Da sinistra, Alessandro Ghinelli, Susanna Rossi, Francesco Millione e Mattia Merli che rappresentano la Caritas diocesana
di Piacenza-Bobbio al convegno nazionale di Rho.

Nel mondo Caritas suona sempre più forte il campanello d’allarme per la crescita della povertà economica in Italia. Segnali che spronano gli operatori a mettere in campo nuove strategie e ad indicare politiche mirate alle istituzioni. Se ne sta parlando al 42° Convegno nazionale delle Caritas diocesane in corso fino al 23 giugno a Rho (Milano). Sono 547 i partecipanti, in rappresentanza di 165 diocesi (su un totale di 218), riuniti nei padiglioni della Fiera per discutere di come “Camminare insieme sulla via degli ultimi”. Presente anche una delegazione della Caritas diocesana di Piacenza-Bobbio con Francesco Millione, responsabile Area Giovani, Mondialità ed Emergenze, Alessandro Ghinelli, Susanna Rossi del Progetto Policoro e Mattia Merli.

Povertà a livelli record

Con 5,6 milioni di persone in povertà assoluta, si è arrivati ai livelli più alti dal 2005. "Nel 2021 ci si aspettava un miglioramento dei dati, invece al sud la situazione è peggiorata e prosegue con l’aumento dei costi del gas e dei carburanti”, conferma  la sociologa Federica De Lauso, ricercatrice dell’ufficio studi di Caritas italiana, a margine del 42° Convegno nazionale delle Caritas diocesane. A stare peggio sono gli anziani soli, gli stranieri, i giovani under 34 e i minori, soprattutto nel Meridione. E’ cresciuta, in particolare la povertà relativa delle persone sole over 65, dal 4,4% del 2020 al 6,6% del 2021 (dati Istat).
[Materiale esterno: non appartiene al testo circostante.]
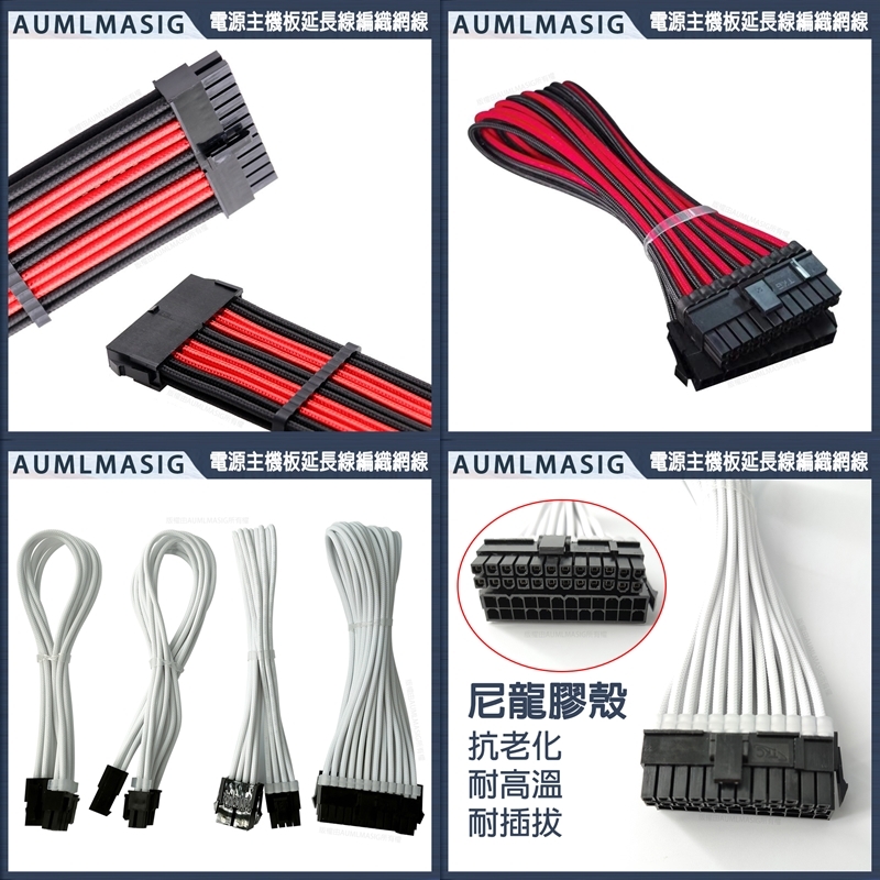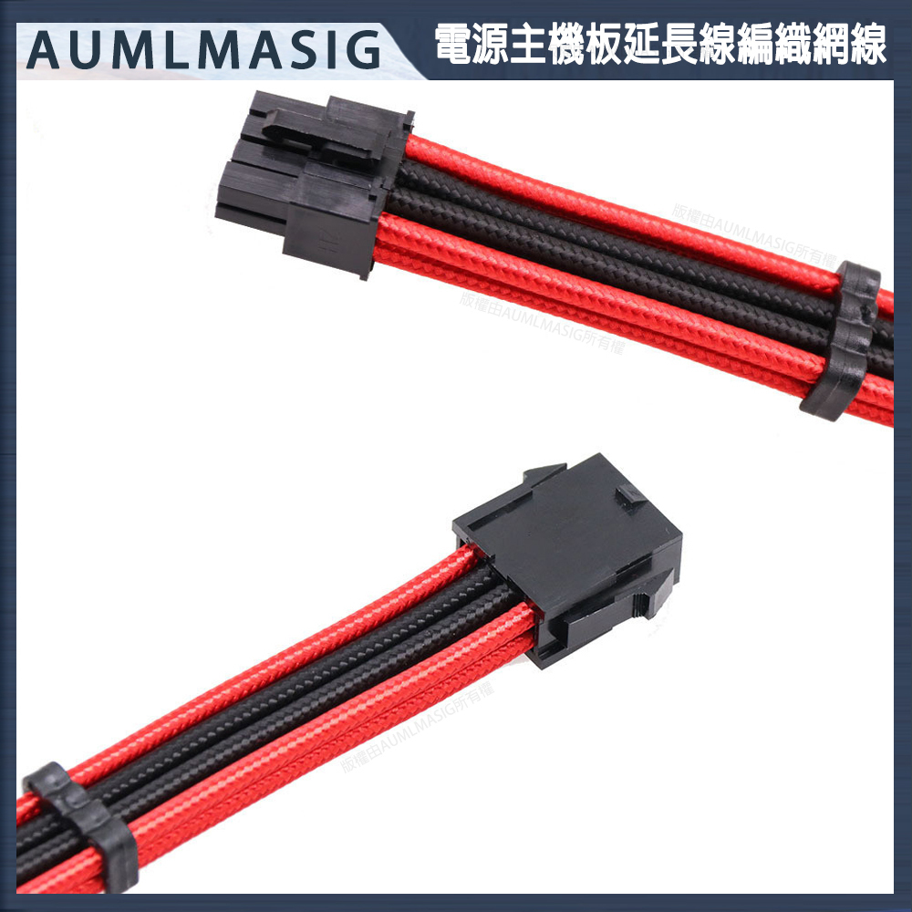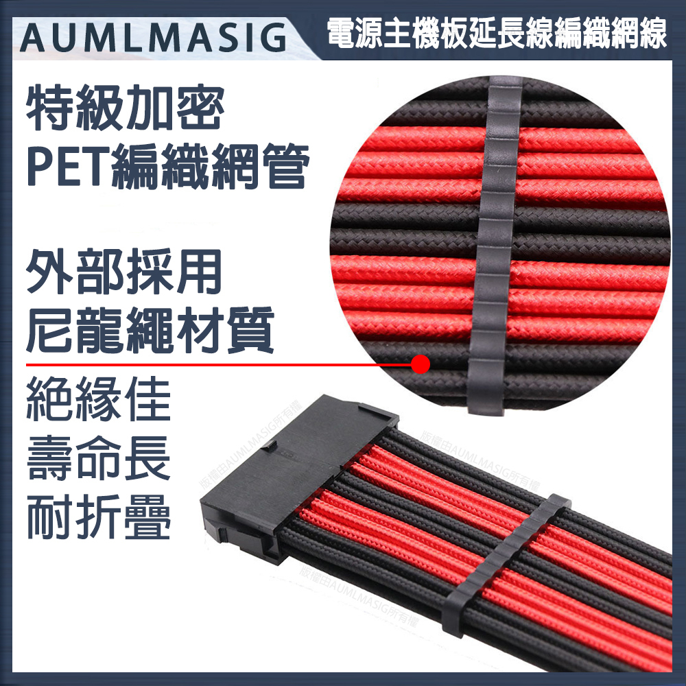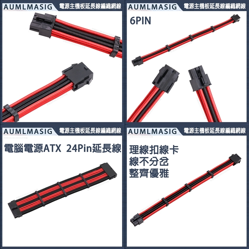 【AUMLMASIG】【紅黑色-PC電腦總電源線組合改裝品】一次搞定 主機板ATX 24Pin延長線+CPU處理器 8(4+4)P供電顯示卡8P*1+6P*1線組 /DIY玩家首選 /電競、重裝、旗艦、改機 /特級尼龍編織網線組 /電腦電源線/延長線

Gli stranieri in povertà assoluta sono oltre 1 milione e 600.000, con una incidenza pari al 32,4%, ossia uno straniero su 3 è povero, quattro volte peggio degli italiani poveri che raggiungono il 7,2% della popolazione. Gli stranieri, ad esempio, “hanno sempre fatto fatica sul versante abitativo, per pagare le bollette, perché con lavori precari e meno tutele”, spiega De Lauso. Con la pandemia la situazione è peggiorata: “i lockdown e le restrizioni hanno bloccato i lavori in nero e la bassa manovalanza e molti di loro non riescono ad accedere al Reddito di cittadinanza perché c’è il vincolo dei 10 anni di cittadinanza italiana”.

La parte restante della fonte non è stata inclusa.